For those who have never practiced Ashtanga Yoga, you may be wondering about this practice since it was the basis of a recent (July 2013) trial about a school yoga program in Encinitas, CA. California Judge Joe Meyer ruled that a public school district can teach yoga, siding with administrators who argued the practice is a secular way to promote strength, flexibility and balance and rejecting pleas of parents who said the classes are inherently religious and violate the constitutional principle of the separation of church and state.

Is Ashtanga Yoga religious? Should it be adapted to a public school curriculum? How is Ashtanga different from any other kind of yoga? For the answers to these questions we need to take a comprehensive look at the history, theory, and physical practice of Ashtanga’s Primary Yoga Series.

Some misconceptions about Ashtanga Yoga that need to be cleared up…

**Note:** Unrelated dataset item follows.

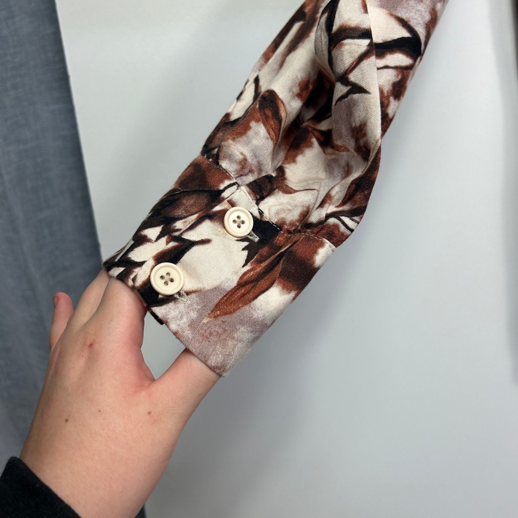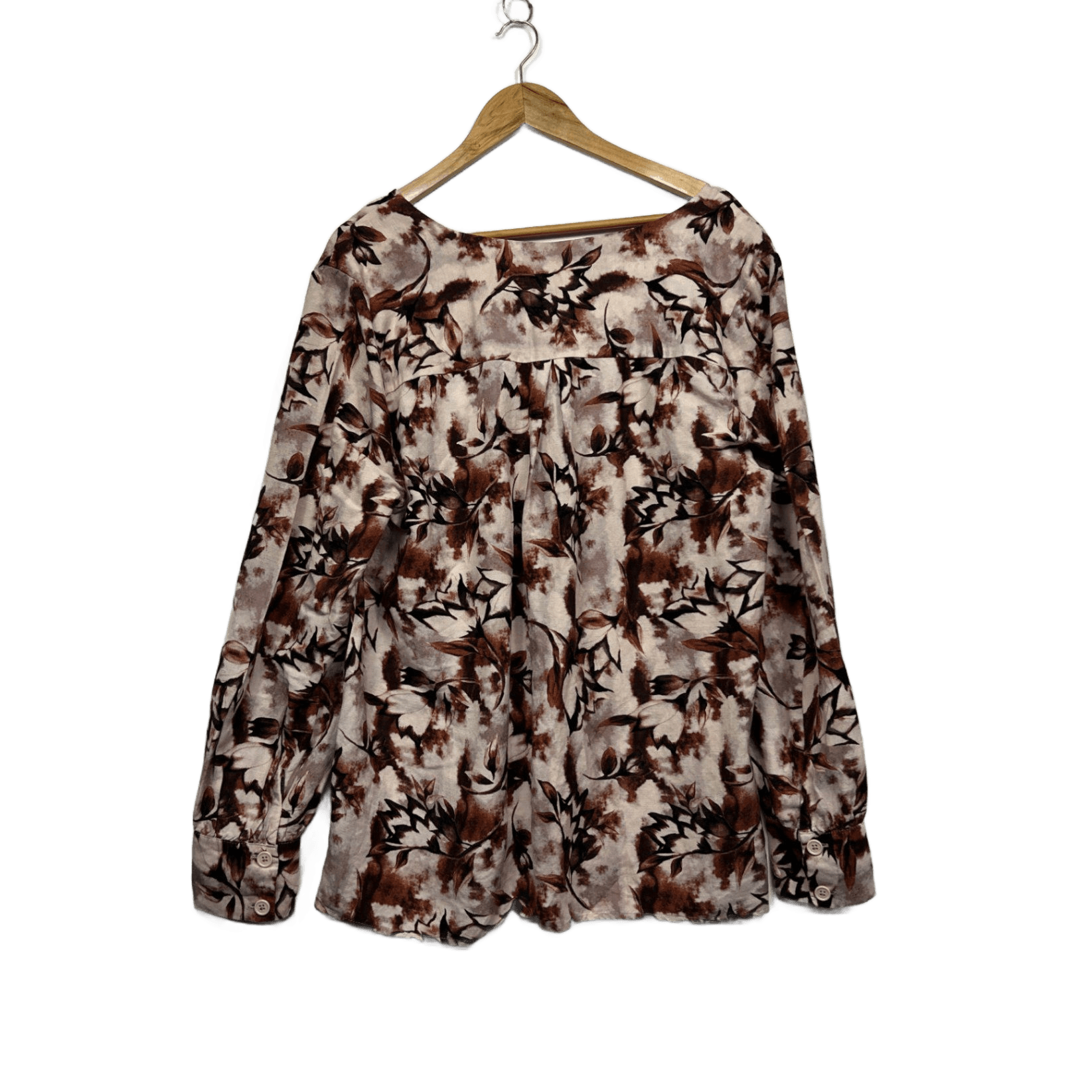 Regatta Linen Blend Brown Beige Long Sleeve Floral Blouse Size 16

Many people are intimated by Ashtanga Yoga’s reputation as a rigorous, traditional practice, but the fact is that the basics of the practice can be broken down and tailored making it accessible to most anyone despite their age. Most people assume that you have to be athletic, or at least really strong and flexible in order to practice Ashtanga Yoga, but if you have a good certified teacher who can adjust for each individual’s fitness level, they will benefit by starting with as little as five practice minutes a day.

Even though Ashtanga Yoga is traditional, coming from a spiritual lineage that traces its roots throughout all of India’s historic path, it is not considered dogmatic. Instead this lineage lives in the hearts of students and their teachers and can be adjusted as needed so that the use of yoga as an effective tool is accessible for nearly everyone.

What can be learned from the practice of Ashtanga Yoga?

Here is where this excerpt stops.